British lawyers more likely to be bullied, global survey finds

Harassment: Policies help

British lawyers are more likely to be bullied in the workplace than their colleagues elsewhere in the world, the largest ever global study of bullying and sexual harassment in the legal profession has found.

But it suggested that adopting anti-bullying policies, despite a lack of confidence in them, did have a positive impact on behaviour.

Almost two-thirds (62%) of female and 41% of male lawyers in the UK said they had been bullied, compared to international averages of 55% and 30%.

The proportion of women reporting sexual harassment was slightly above the norm at 38%, compared to 36.6% globally, while for men it was slightly below at 6%, compared to 7.4%.

The International Bar Association (IBA) said its report Us Too? Bullying and Sexual Harassment in the Legal Profession was based on responses from 6,980 lawyers around the world, of which 715 were from the UK.

One female UK lawyer was quoted as saying: “I was advised by the (female) practice manager that if I showed a sexual interest in my principal, he would be nicer to me. This was after he had thrown a phone at my head.”

A man at a barristers’ chambers said: “I often received comments from my supervisor that she wanted to ‘fuck me’. Any conversation would seem to have a sexual reference in it.”

The IBA found that lawyers in the UK who reported bullying had an “overwhelmingly negative” experience.

A large majority (82%) described the response of their employers as “insufficient or negligible”, while in 84% of cases the perpetrator was not sanctioned.

Those who reported sexual harassment did not fare much better, with 71% describing the response as “insufficient or negligible”, and 74% of cases not being reported in the first place.

“The partners closed ranks around the perpetrator [of seriously inappropriate physical contact],” the report quoted one UK woman saying.

“The firm did nothing to sanction him and later promoted him into a more senior, but marginally less public position. They offered me no support or reassurances about my career. I felt I had no choice but to leave.”

Legal workplaces in the UK were far more likely to have anti-bullying policies in place than the international average – 79% compared to 53%.

Despite limited confidence in those responsible for the policies (60% in the UK, compared to 65% internationally), the IBA said British lawyers at workplaces with policies in place experienced “considerably less” bullying.

“There is also a link between workplaces running training and less bullying and sexual harassment occurring in those workplaces.

“While training does not appear to increase absolute reporting rates, and perceptions of efficacy are poor (8% said the training was excellent while 33% rated the programme as insufficient or negligible), those who have been trained are more likely to use internal workplace channels to report incidents.”
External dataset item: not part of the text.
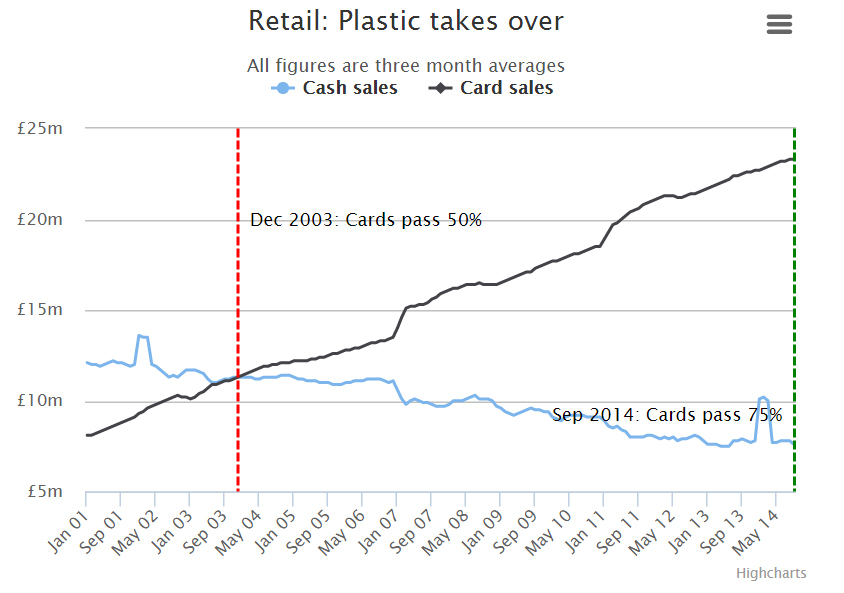 According to the UK Cards Association, credit cards and debit cards surpassed cash in terms of value more than a decade ago, in December 2003. They now account for more than 75% of the retail sales.

The IBA said its report showed that bullying and harassment were “rife in the legal profession” across the world, with “chronic underreporting of incidents”, particularly in sexual harassment cases.

The most common type of bullying was ridicule or demeaning language, followed by “overbearing supervision, undermining of work output or constant unproductive criticism”, misuse of power or position, “being deliberately given too much or too little work or work inadequate to the position” and exclusion or victimisation.

The IBA called on employers to revise and implement policies and standards, introduce regular training and improve existing reporting channels.

The association said there was “both appetite for change and an active coalition of stakeholders working towards it”, but the momentum had to be maintained.

“Change is not inevitable… there have been #MeToo-like moments before. During stakeholder engagement, one eminent academic mused that it felt like she had been discussing these issues for her entire (lengthy) professional life.

“Change will only occur through concerted, collective efforts. Otherwise, there is a risk that the #MeToo momentum will dissipate and a similar report will be written in another two decades, highlighting the same problems and again calling for change.”

The IBA recommended that employers consider establishing “permanent committees with mandates for maintaining efforts to address bullying and sexual harassment, alongside improving visibility of these issues at senior leadership levels”.

Bar associations and law societies “should take similar action, creating standing working groups and other institutional actors to initiate and implement strategies to eliminate such conduct”.

The IBA promised to carry out a follow-up survey to the report in five years’ time, and said its president, Horacio Bernardes Neto, would be publishing an open letter highlighting the report’s findings and calling for change.

A large-scale survey of lawyers around the world published by the IBA in December 2017, Women in Commercial Legal Practice, found “alarming levels of bullying and intimidation”, with half of the 4,000 female lawyers involved said they had experienced bullying.